Do lado do governo federal, falta planejamento e controle, e isso fica evidente quando avaliamos a disponibilidade de recursos. Para concluir as obras paralisadas com o orçamento original (estimativa conservadora, portanto), seriam necessários mais de R$ 130 bilhões, montante muito acima da capacidade de investimento do estado. Assim, os repasses atrasam e, como não há controle, o governo federal não é punido.

Ainda na esfera federal, há o problema de uso de critérios políticos para aprovar os convênios – como em emendas parlamentares. Se o critério para distribuir recursos não é técnico, prefeitos não têm incentivos para desenhar projetos melhores. É melhor anunciar as obras e os recursos autorizados, e deixar o pepino para o próximo prefeito. A ausência de planejamento plurianual sério no nível federal se espalha para os municípios.

A sociedade civil, que poderia exercer controle social sobre estas obras, esbarra na falta de transparência. Os boletins de medição, que atestam o andamento da obra e servem para determinar o pagamento, não são informação transparente e nem estão em formato aberto. Como consequência, é muito difícil fiscalizar se os pagamentos correspondem ao andamento da obra, componente básico de controle.

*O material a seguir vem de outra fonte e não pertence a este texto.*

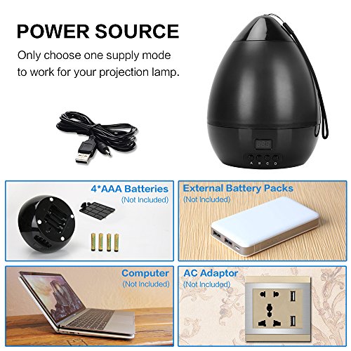 - 2 POWER WAYS: This light projector powered via a USB cable connect to your computer, laptop, wall jack or power bank. Also it can be powered by 4 AAA batteries(Batteries are NOT included). Please note that USB cable and batteries can not be used at the same time. More convenient, more joy.

Os Conselhos Regionais (como CREAs) poderiam ter um papel bem mais efetivo aqui, responsabilizando os fiscais das obras, bem como o responsável técnico da parte da empresa. Mas pouco fazem, deixando tudo na mão do estado.

O pacto federativo brasileiro, juntamente com a desigualdade regional, também contribui para o problema. De um lado, a União concentra recursos financeiros e humanos, e deixa os municípios sem capacidade de se estruturarem, dependendo de transferências. De outro lado, a desigualdade econômica também gera municípios com baixa capacidade institucional, dependentes quase que exclusivamente de transferências. E com baixa capacidade de monitoramento da sociedade civil.

De fato, 40% dos 5.570 municípios não possuem nem rádio. De acordo com o Atlas da Notícia, 52% dos municípios vivem em desertos de notícia, sem veículos de jornalismo, e 80% dos municípios têm nenhum, um ou dois veículos apenas.

São localidades que geralmente possuem índices sociais ruins e que precisam de investimento público e, justamente por isso, possuem baixa capacidade de execução, gestão e controle (seja interno ou pela sociedade).

Equilíbrio perverso

O resultado desse conjunto de incentivos e estrutura sócio-econômica é um equilíbrio em que obras públicas vão ter problemas sérios frequentemente. Na audiência pública, os representantes da CGU e TCU lembraram que já houve comissão de obras inacabadas no Congresso em 1995, bem como diversas auditorias do TCU sobre o assunto ao longo dos anos.

Como os incentivos estruturais do sistema continuam basicamente os mesmos – falta de planejamento pelo ente subnacional, falta de planejamento do governo federal e falta de controle –, o equilíbrio resultante é o mesmo: um grande volume de obras inacabadas. Enquanto não enfrentarmos as causas raízes da questão, medidas paliativas poderão aliviar os sintomas, mas não erradicar o problema.